LAWS(P&H)-2007-8-94

COMMISSIONER OF INCOME TAX Vs. GUPTA ENGINEERING WORKS

Decided On August 03, 2007
THE COMMISSIONER OF INCOME TAX Appellant
V/S
GUPTA ENGINEERING WORKS Respondents

JUDGEMENT

(1.) THE following questions of law, arising out of order dated 12.5.1993 passed by the Income Tax Appellate Tribunal, Chandigarh Bench, Chandigarh (for short, 'the Tribunal') in I.T.A. Nos.1211 to 1215/Chandi/1987, for the assessment years 1977 -78 to 1981 -82 have been referred for opinion of this Court:

(2.) WHETHER , on the facts and in the circumstances of the case, the Tribunal was right in law in holding that Section 154 of the Income Tax Act was not attracted and the matter squarely fell Under Section 155(4A) of the Act, though it was a case where the Assessing Officer had only made a wrong mention of Section 154 in his order?

(3.) WE have considered the rival contentions and we find that it is a case where entire assets and liabilities have been transferred from the firm to the new company.

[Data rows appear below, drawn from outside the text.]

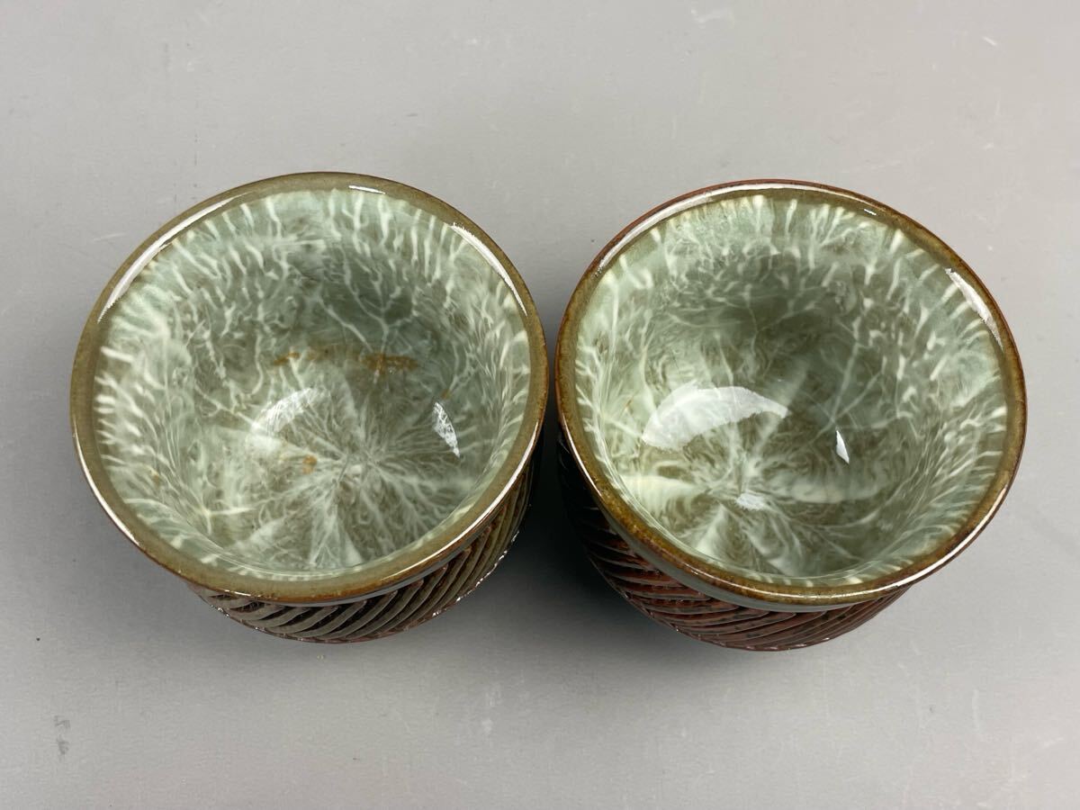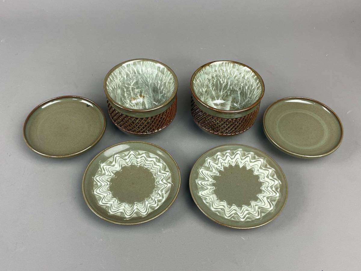 平戸 三川内焼 嘉平作 夫婦茶碗 透かし 網目細工 2点セット 蓋物 蓋付湯呑み 和食器 陶磁器 茶器 茶道具 有田 伊万里 收藏
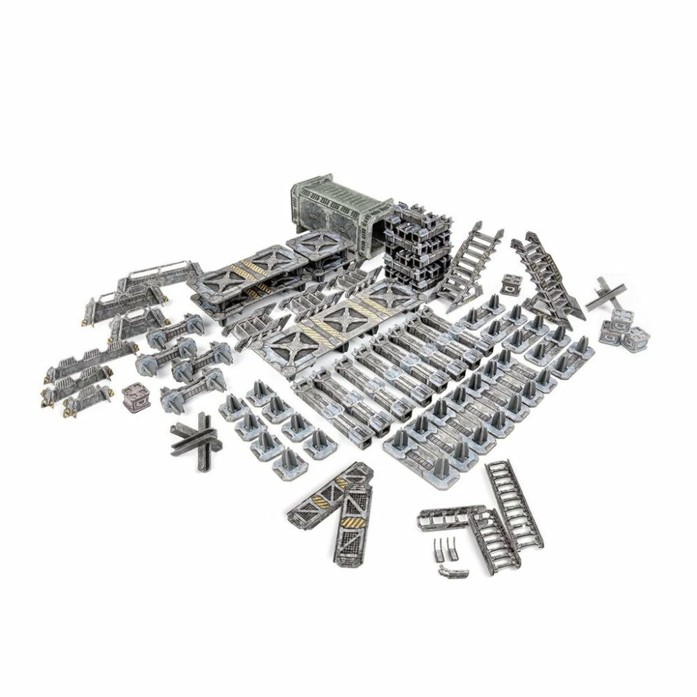 1x Large Platform • 2x Medium Platforms • 2x Small Platforms • 8x Tall Legs • 16x Short Legs • 4x Leg Extenders • 12x Double Feet • 8x Single Feet • 2x Tall Stairs • 3x Short Stairs • 1x Container • 2x Tank Jacks • 5x Small Crates • 1x Long Tall Barricade • 1x Medium Tall Barricade • 1x Narrow Tall Barricade • 1x Long Short Barricade • 1x Medium Short Barricade • 1x Narrow Short Barricade • 1x Tall Ladder • 1x Medium Ladder • 1x Short Ladder • 1x Long Catwalk • 1x Short Catwalk • 3x Ladder Stands
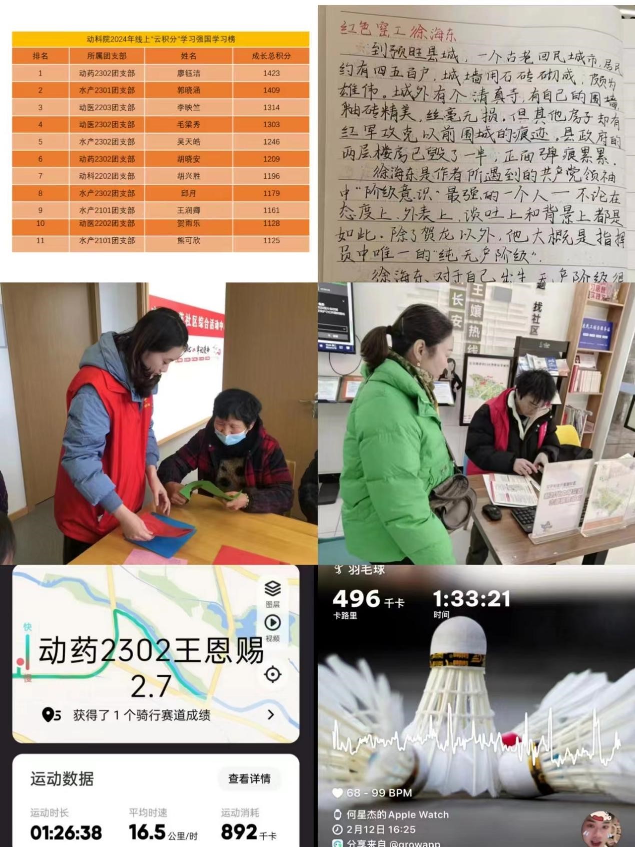 运动健身强体魄。生命在于运动,同学们积极参加“龙腾虎跃”运动健康打卡活动,个人每次打卡跑步里程均超过1.20公里,最远距离达8公里。除跑步外,同学们还开展了多种运动,如羽毛球、乒乓球、篮球等,每日运动时间均超过30分钟。学子们强健体能,携青春汗水,传递青年积极昂扬新风貌, 让寒冷的假期充满朝气与热血。
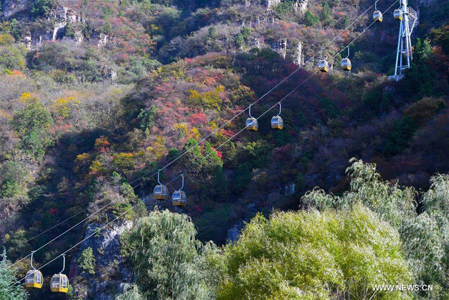 Photo taken on Oct. 22, 2020 shows the autumn scenery of Qingtianhe scenic area in Boai County of Jiaozuo City, central China's Henan Province. (Xinhua/Wang Ding)
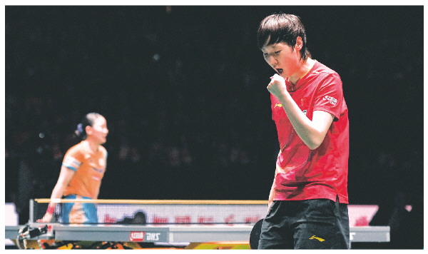 ◥12月7日,中国队选手王曼昱(右)在女单比赛中庆祝得分。她3比0战胜日本队选手张本美和。
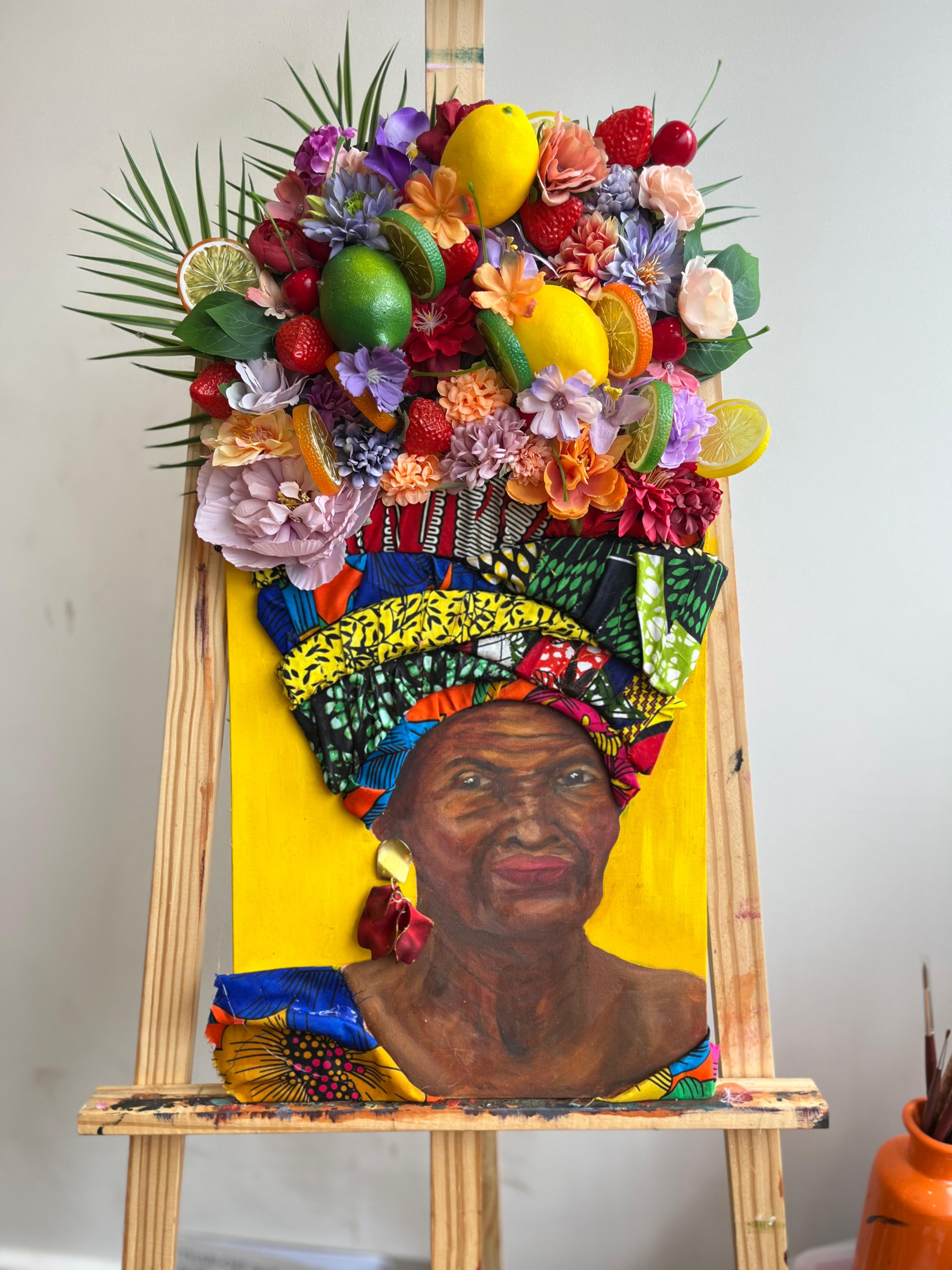 “Madam Ulo” is a vibrant portrait depicting an elderly woman in all her vivacity. She is expressive, she carries potential on her head, and she is stunning.

The ld. D.R has, however, invited our attention to even of assets which remained with one partner Veena Gupta. He has argued that since some property remained with the partner, it has not a case where the entire assets and liabilities could be treated to have been taken over by the new company and, therefore, the conditions laid down Under Section 32A(7) were not fulfilled. We, however, find that the asking over agreement dated 1.12.1981 was clear in terms and there is no room for any doubt that running business of the firm was taken over long with its assets and liabilities. It has also to be noted that proceedings were initiated Under Section 154, which did not appear to be the appropriate provision. The ld. Counsel was argued that Section 155(4A) could be applied because it was that sub -section which was attracted to such a situation. He has invited our attention to the order of the Tribunal dated 7.2.1992 in I.T.A. No. 342/Chandi/88 for assessment year 1982 -83 in the case of the assessee itself wherein it has been held that such a matter did not come within the ambit of Section 154. Reliance was placed on a Decision of the Hon'ble Supreme Court in the case of Volkart Brothers and Ors. (). In that case, it has been held that where the mistake was something which was to be established by a long drawn process of reasoning on points on which there may be conceivably two opinions, it could not be called to be a mistake apparent on record. It has thus been argued that the application of Section 154 was misplaced one.